[Opening Given entries section]
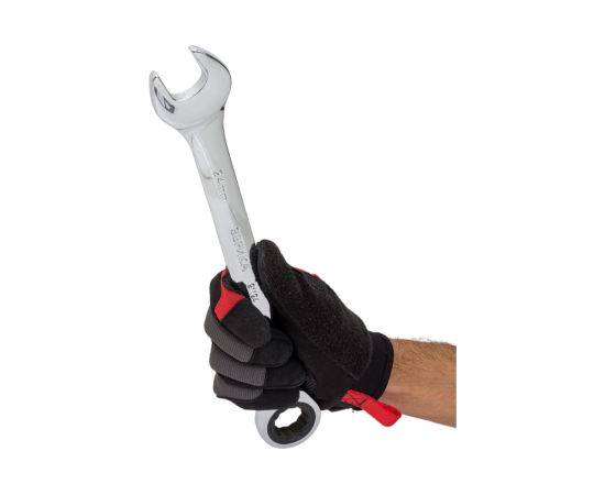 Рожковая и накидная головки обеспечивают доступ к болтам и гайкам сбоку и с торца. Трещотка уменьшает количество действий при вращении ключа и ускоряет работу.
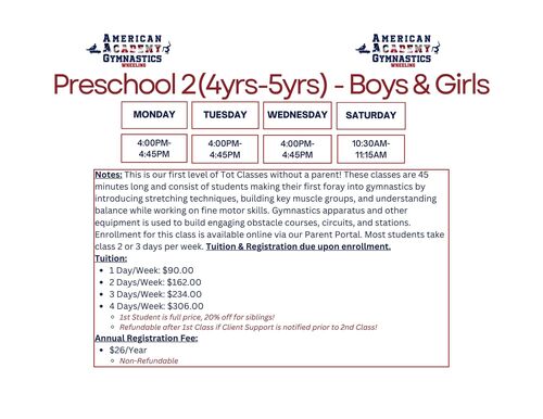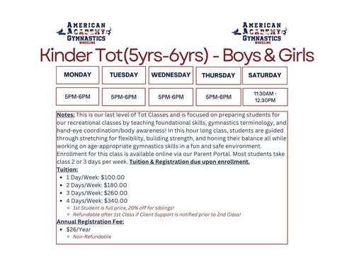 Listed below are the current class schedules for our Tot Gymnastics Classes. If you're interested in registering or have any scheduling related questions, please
[Closing Given entries section]
[Opening Given entries section]
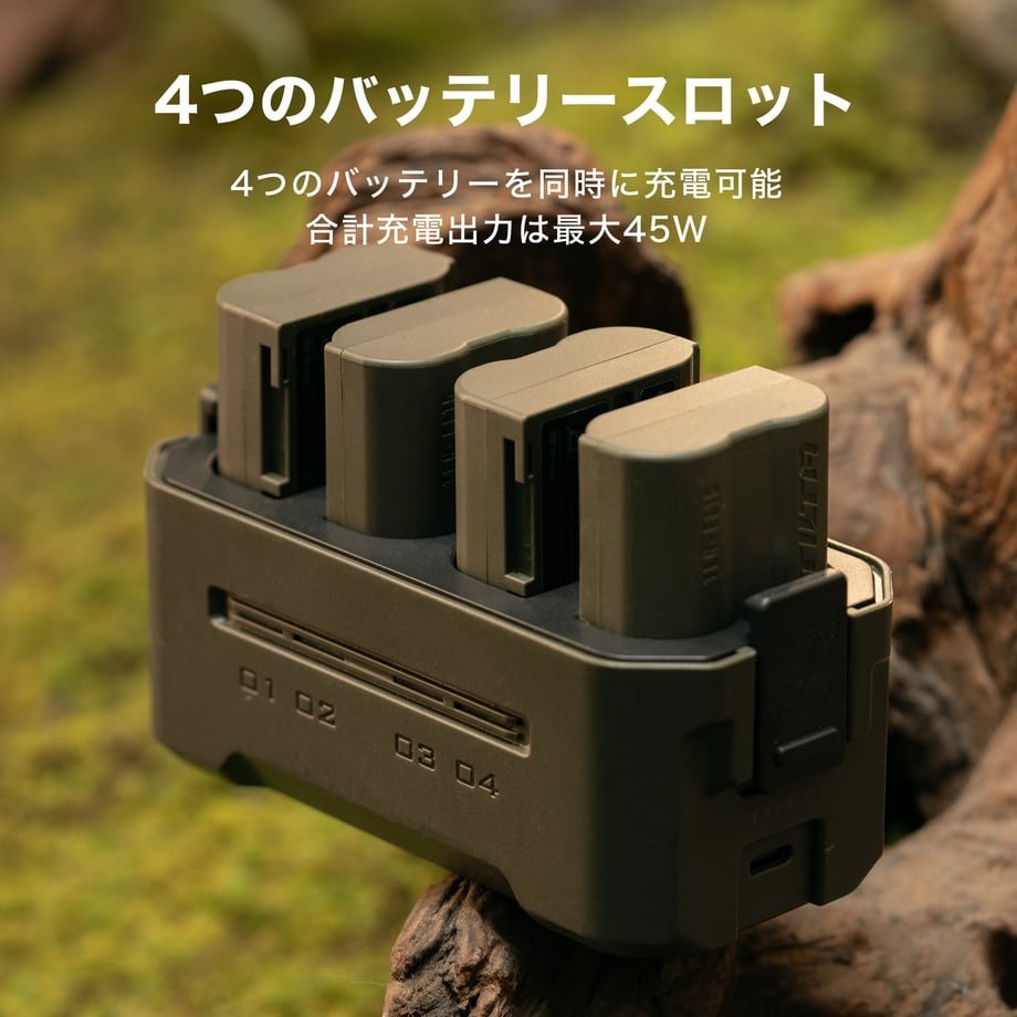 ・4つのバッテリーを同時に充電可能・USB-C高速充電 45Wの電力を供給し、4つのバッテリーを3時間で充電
[Closing Given entries section]
Go back to the lines above and output, exactly as they stand, the ones from the line containing "Рожковая и накидная" to the line containing "Listed below are". Leave all pictures behind.

 Рожковая и накидная головки обеспечивают доступ к болтам и гайкам сбоку и с торца. Трещотка уменьшает количество действий при вращении ключа и ускоряет работу.
 Listed below are the current class schedules for our Tot Gymnastics Classes. If you're interested in registering or have any scheduling related questions, please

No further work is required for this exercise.